United States Air Force Academy
In 1954, 18,455 acres were chosen at the base of the Rampart Range of the Rocky Mountains near Colorado Springs for the United States Air Force Academy. Skidmore, Owings, and Merrill was hired for the design, led by Walter Netsch, Jr., with Dan Kiley as landscape architect. Elevation changes - which range from 6,235 to 7,900 feet - and flat mesas were used to cluster functional areas together, such as the Cadet Area, the airfield, and the service and supply area.

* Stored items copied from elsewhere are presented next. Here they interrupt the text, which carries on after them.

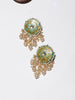 Showcase your style with this stunning drop earring in green, Fitted with fine kundan. Meenakari earring wth pearl hangings, this piece is perfect for weddings, parties, or everyday use A must-have accessory; Category Of Jewellery is Earring; Sub Category is Drop; Ideal For Women; Color is Green, Yellow, White, Cream, Gold; Gemstones Used - Kundan, Pearls, Natural Stones; Plating is Gold-Plated; Base Metal is Alloy; Other Material Used - Closure Stopper; Size is Freesize; Adjustable - No; Weight is 36 gms; Mesaurements - Length of Earring= 7 CM; Width of Earring =4 CM; Adjustable - No; Content 1 Pair Earring
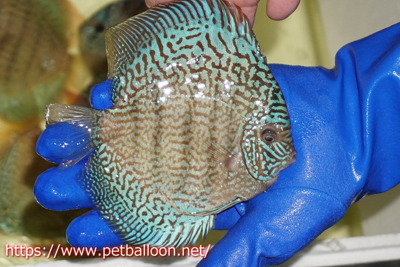 【水槽スペース確保のため大特価】【ディスカス】【通販】サクラスーパーブルーレオパード(ハイフォーム)【個体販売】14cm(生体)マレーシア KLディスカスファーム
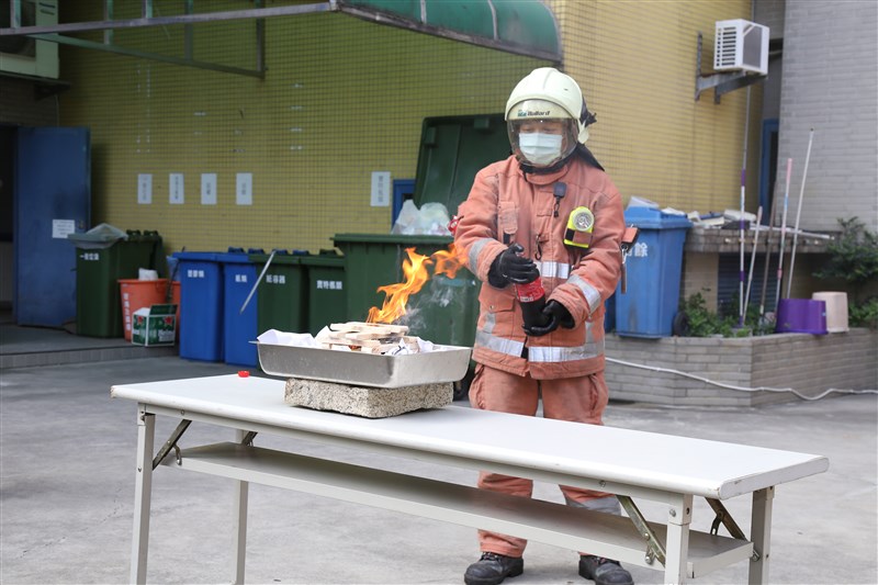 消防員利用各不同品牌可樂與啤酒嘗試滅火,卻發現難以控制噴射的方向,必須進靠火源才得滅火,非常不實用,建議家中仍要準備滅火器以備不時之需。圖/新竹市消防局提供
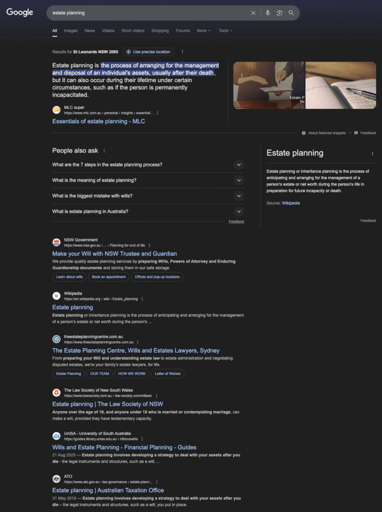 Five out of ten results are law firms with identical messaging about “protecting your assets” and “avoiding probate complications.” Their websites feature stock photos of elderly couples looking worried about paperwork. The content focuses on legal technicalities and tax minimisation strategies.
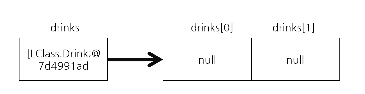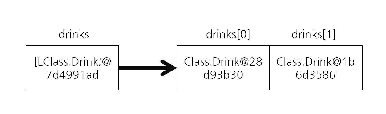 System.out.println("객체(drinks)의 주소 : " + drinks); // 객체의 주소가 저장됨을 볼 수 있음
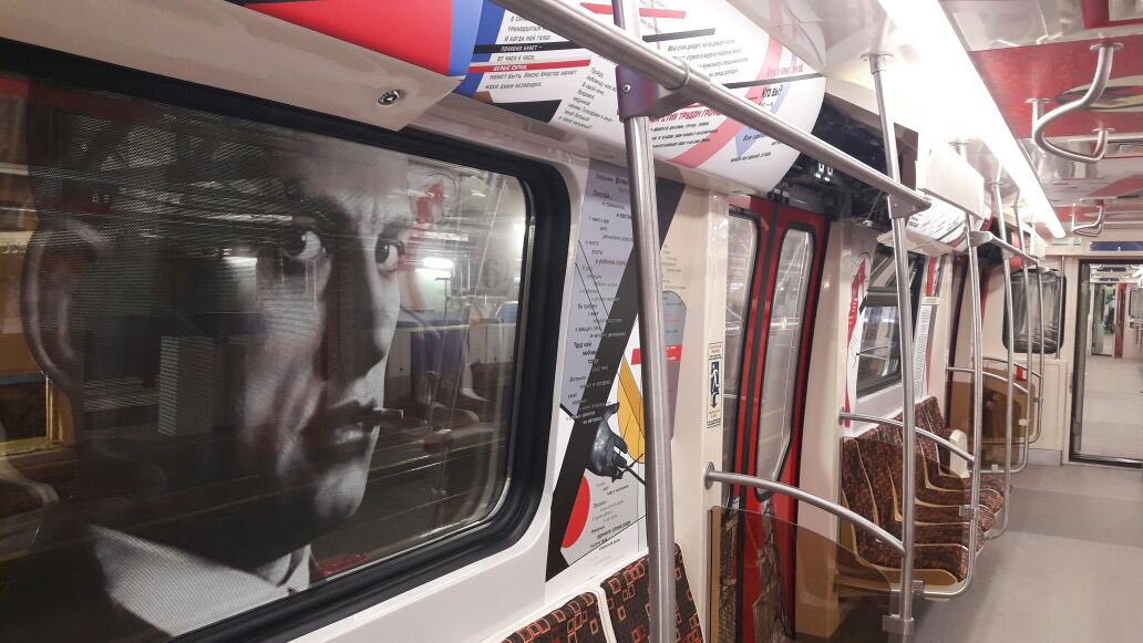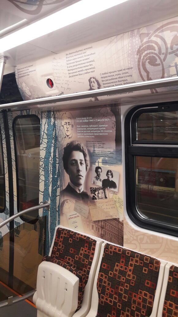 "Восьмивагонный состав модели 81-722/81-723/81-724 в красном исполнении украшен изнутри отрывками из произведений великих русских писателей и поэтов, чьи имена тесно связаны с историей Петербурга (Пушкин, Маяковский, Достоевский, Чернышевский, поэты Серебряного века)", - рассказала пресс-секретарь петербургской подземки Юлия Шавель.
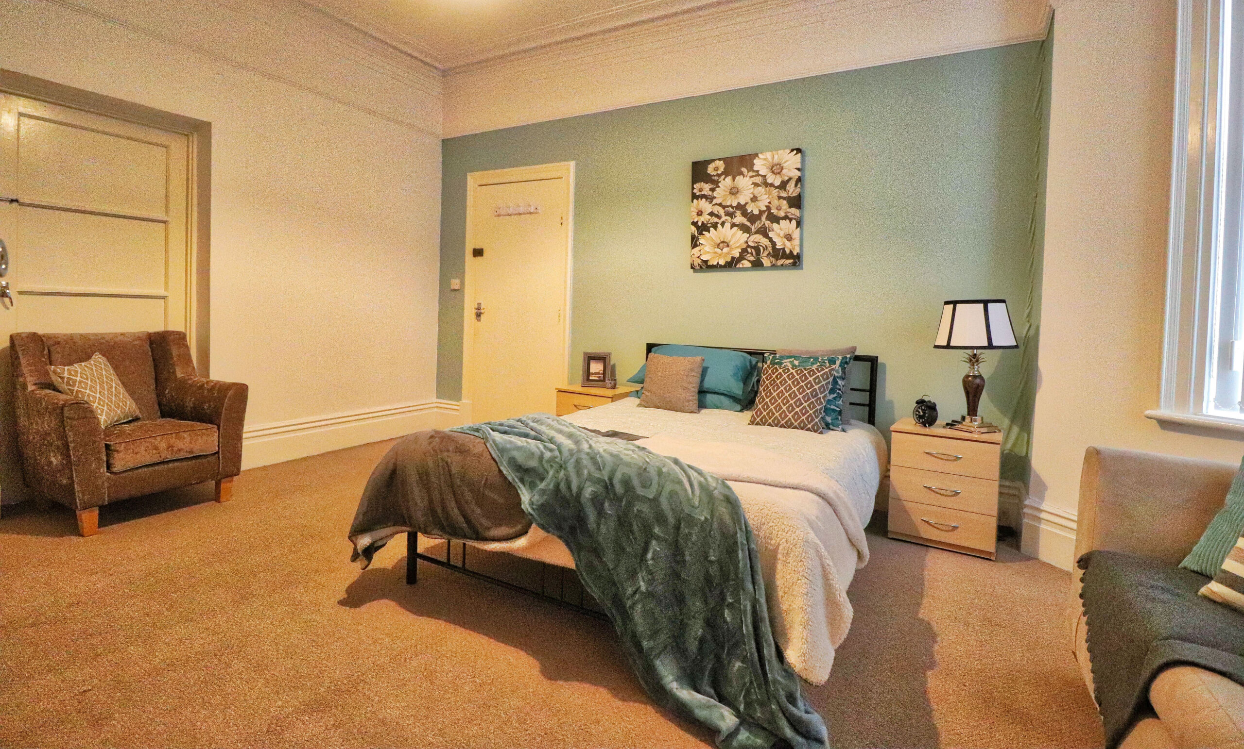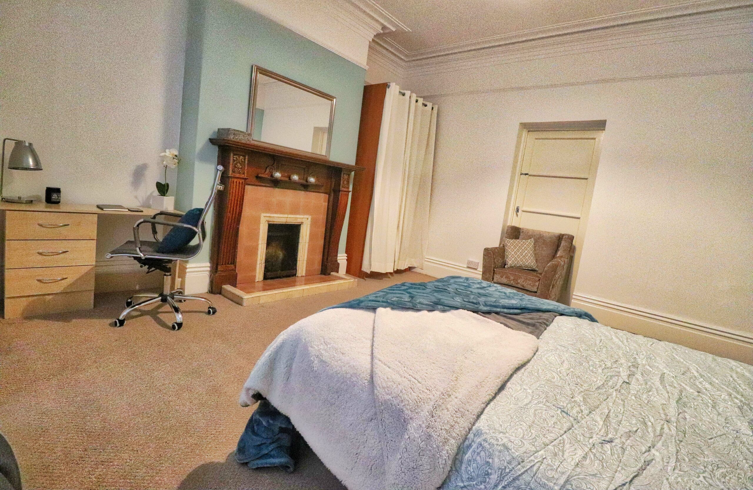 A very large, light and airy room situated on the ground floor with a large bay window looking out over the front of the property. It is suitable for either double or single occupancy and contains a desk, chair, wardrobe, chest of drawers, bed side table, double bed. The room also has a tv aerial point. The room contains the original Victorian fire surround.
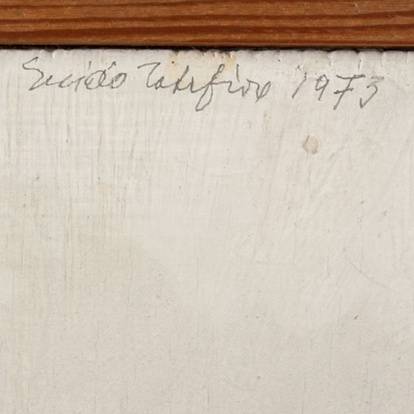 "Senza titolo", 1975, tecnica mista su tavola, firmata e datata in alto al centro, entro cornice, 60x36 cm.
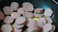 Levar a margarina ao lume e deixar derreter, juntar as salsichas e deixar corar um pouco em lume baixo para não queimar a margarina.
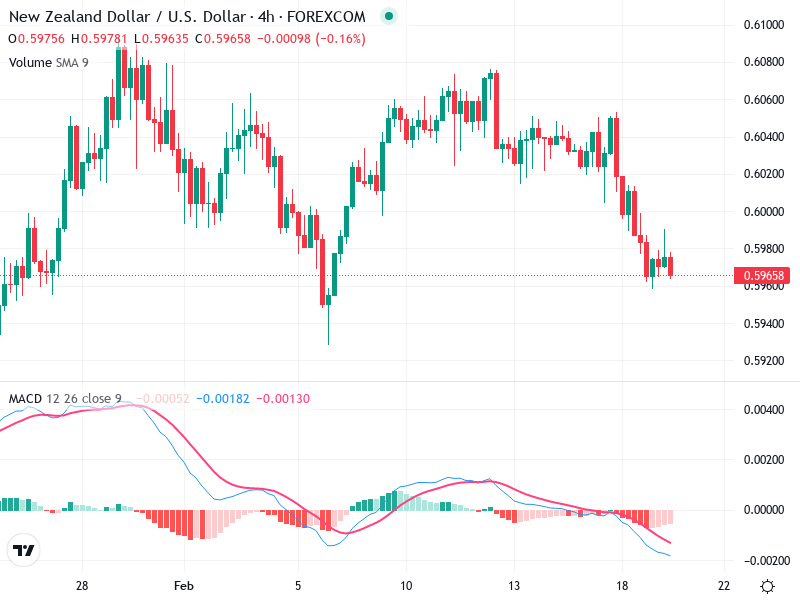 The NZD/USD 4H chart reveals ongoing bearish momentum. The asset’s price is under pressure near key support levels. Recent market activity points to potential downside with a cautious outlook on any reversals.

The Cadet Area is the core of the campus, located on the highest ridge. The design is distinctly modern, with the landscape flattened and lengthened by the use of delineated planes and 10,000 feet of concrete retaining walls and earth embankments. Netsch drew the plan in a series of seven-foot modules that determined all details, from window size to the scale of plazas in relation to one another. A ten-minute radius drove the campus layout, with classes, athletics, and meals on a north-south axis and special events and the chapel running east-west. The 27-acre Air Garden, Kiley’s most notable work, consists of a flat expanse of lawn divided by geometric marble pathways, reflecting pools and two fountains at the north and south ends, with honey locust trees planted at close regular intervals. The garden, restored in the 2000s, unites the flat open space with the low-rise buildings, juxtaposed against the backdrop of dry desert mountains and blue sky. The Cadet Area was designated a National Historic Landmark in 2004.